(Goal of the exercise) Every line below from the one containing "川谷 ぺんさんを姓名の画数から五運を鑑定" through the one containing "- DESIGN ELEGANTE: Scarpe" must be transcribed exactly. Omit all lines outside that stretch.

(Entries shown)
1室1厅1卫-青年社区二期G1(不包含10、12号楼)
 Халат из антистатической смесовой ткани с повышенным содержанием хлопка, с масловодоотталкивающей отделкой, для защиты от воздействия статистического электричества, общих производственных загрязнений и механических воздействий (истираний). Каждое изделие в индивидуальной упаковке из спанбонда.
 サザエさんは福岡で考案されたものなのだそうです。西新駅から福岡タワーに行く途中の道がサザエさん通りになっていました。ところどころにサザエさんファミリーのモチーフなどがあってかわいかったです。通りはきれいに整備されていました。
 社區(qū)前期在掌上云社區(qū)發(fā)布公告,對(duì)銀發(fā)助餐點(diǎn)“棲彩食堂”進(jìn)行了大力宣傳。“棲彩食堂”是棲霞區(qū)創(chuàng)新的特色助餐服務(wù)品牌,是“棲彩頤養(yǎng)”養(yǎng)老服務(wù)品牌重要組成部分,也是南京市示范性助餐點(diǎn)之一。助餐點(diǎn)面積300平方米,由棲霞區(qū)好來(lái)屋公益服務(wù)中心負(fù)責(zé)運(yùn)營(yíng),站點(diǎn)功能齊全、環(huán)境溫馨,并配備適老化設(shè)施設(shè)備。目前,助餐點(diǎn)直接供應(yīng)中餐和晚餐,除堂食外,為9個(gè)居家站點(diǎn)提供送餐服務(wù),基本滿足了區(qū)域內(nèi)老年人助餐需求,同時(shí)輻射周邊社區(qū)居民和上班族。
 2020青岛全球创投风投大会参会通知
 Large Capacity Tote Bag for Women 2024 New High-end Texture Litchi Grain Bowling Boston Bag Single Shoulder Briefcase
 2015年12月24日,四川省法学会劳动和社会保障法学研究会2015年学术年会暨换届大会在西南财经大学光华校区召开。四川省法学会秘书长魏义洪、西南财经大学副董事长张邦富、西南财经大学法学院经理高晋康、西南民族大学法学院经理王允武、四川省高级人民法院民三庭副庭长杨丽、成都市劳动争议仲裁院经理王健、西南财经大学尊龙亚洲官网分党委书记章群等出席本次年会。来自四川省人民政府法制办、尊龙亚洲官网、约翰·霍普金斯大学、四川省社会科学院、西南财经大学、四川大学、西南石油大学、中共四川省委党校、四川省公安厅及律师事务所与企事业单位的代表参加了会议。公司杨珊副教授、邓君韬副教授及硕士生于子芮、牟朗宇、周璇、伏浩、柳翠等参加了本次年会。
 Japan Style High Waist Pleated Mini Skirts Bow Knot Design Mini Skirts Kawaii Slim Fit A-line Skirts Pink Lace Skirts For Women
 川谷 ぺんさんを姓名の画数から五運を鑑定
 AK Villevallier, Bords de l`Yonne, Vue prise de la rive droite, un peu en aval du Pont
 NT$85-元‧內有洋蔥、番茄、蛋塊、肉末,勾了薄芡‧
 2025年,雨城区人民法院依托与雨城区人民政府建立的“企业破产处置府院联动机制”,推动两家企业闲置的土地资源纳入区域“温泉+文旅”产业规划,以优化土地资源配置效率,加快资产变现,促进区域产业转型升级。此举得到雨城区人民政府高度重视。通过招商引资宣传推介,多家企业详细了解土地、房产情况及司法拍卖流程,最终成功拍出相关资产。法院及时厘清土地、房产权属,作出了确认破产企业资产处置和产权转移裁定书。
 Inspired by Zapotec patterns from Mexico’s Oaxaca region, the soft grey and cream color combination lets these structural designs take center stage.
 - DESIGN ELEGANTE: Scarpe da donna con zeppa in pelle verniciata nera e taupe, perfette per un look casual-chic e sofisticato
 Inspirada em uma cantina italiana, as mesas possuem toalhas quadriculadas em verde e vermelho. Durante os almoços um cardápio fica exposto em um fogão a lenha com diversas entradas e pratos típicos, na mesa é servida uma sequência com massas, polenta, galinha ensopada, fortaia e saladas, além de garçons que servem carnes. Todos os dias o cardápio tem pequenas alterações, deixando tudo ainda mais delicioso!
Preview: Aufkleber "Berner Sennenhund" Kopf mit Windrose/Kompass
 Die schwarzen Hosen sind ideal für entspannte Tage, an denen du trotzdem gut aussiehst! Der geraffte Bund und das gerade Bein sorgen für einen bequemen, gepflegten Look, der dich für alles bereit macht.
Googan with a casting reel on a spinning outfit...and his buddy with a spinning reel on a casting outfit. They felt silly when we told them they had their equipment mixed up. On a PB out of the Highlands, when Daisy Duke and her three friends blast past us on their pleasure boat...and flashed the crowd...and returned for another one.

(Your response)
 川谷 ぺんさんを姓名の画数から五運を鑑定
 AK Villevallier, Bords de l`Yonne, Vue prise de la rive droite, un peu en aval du Pont
 NT$85-元‧內有洋蔥、番茄、蛋塊、肉末,勾了薄芡‧
 2025年,雨城区人民法院依托与雨城区人民政府建立的“企业破产处置府院联动机制”,推动两家企业闲置的土地资源纳入区域“温泉+文旅”产业规划,以优化土地资源配置效率,加快资产变现,促进区域产业转型升级。此举得到雨城区人民政府高度重视。通过招商引资宣传推介,多家企业详细了解土地、房产情况及司法拍卖流程,最终成功拍出相关资产。法院及时厘清土地、房产权属,作出了确认破产企业资产处置和产权转移裁定书。
 Inspired by Zapotec patterns from Mexico’s Oaxaca region, the soft grey and cream color combination lets these structural designs take center stage.
 - DESIGN ELEGANTE: Scarpe da donna con zeppa in pelle verniciata nera e taupe, perfette per un look casual-chic e sofisticato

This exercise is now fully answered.